EXERCISE DIRECTIONS → Make an exact copy of the listing underneath, skipping each picture.

DATA BLOCK →
*** Block opens ***
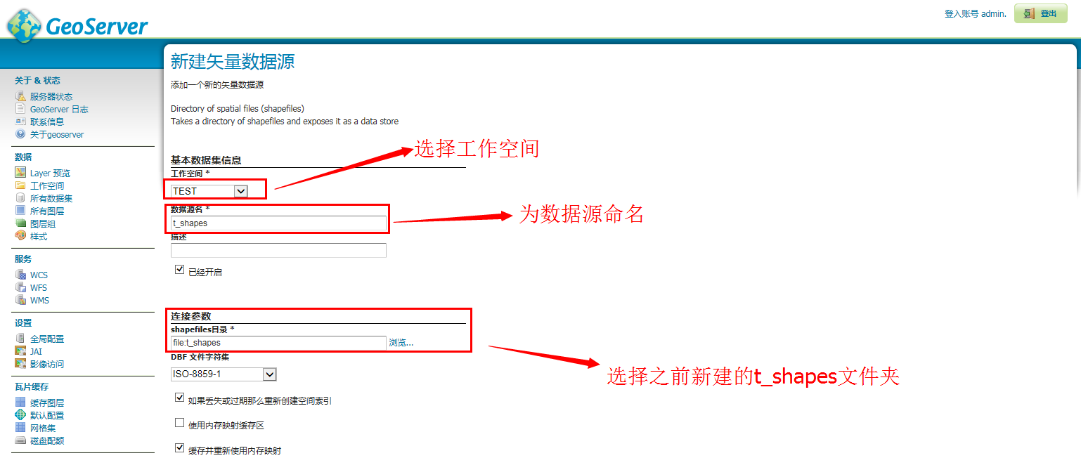点击“Directory of spatial files (shapefiles)”后,在出现的页面选择好工作空间,设置好数据源的名称,然后选择数据源的路径(图17)
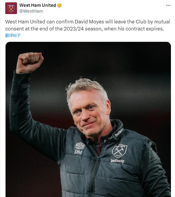在前年的5月,西汉姆晓谕将在赛季末与功勋主帅莫耶斯离异。当时刻的莫耶斯,是西汉姆场均得分最高的主帅(抓教20场以上)。他还率西汉姆取得队史最高的英超名次,并荟萃两年进前7。此外他还匡助铁锤帮夺得欧协联冠军,这亦然西汉姆自1980年的足总杯后的第一个紧迫赛事冠军,亦然球队自1965年来的首个欧战奖杯。
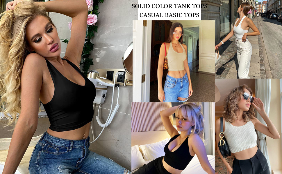 - This crop tank tops is quite cute for teen girls and fashion women ladies,feature with U neck,halter neck ,cropped length,solid,tight slim fit,basic style which is womens favorite.
*** Block closes ***
RESPONSE BELOW →
点击“Directory of spatial files (shapefiles)”后,在出现的页面选择好工作空间,设置好数据源的名称,然后选择数据源的路径(图17)
在前年的5月,西汉姆晓谕将在赛季末与功勋主帅莫耶斯离异。当时刻的莫耶斯,是西汉姆场均得分最高的主帅(抓教20场以上)。他还率西汉姆取得队史最高的英超名次,并荟萃两年进前7。此外他还匡助铁锤帮夺得欧协联冠军,这亦然西汉姆自1980年的足总杯后的第一个紧迫赛事冠军,亦然球队自1965年来的首个欧战奖杯。
 - This crop tank tops is quite cute for teen girls and fashion women ladies,feature with U neck,halter neck ,cropped length,solid,tight slim fit,basic style which is womens favorite.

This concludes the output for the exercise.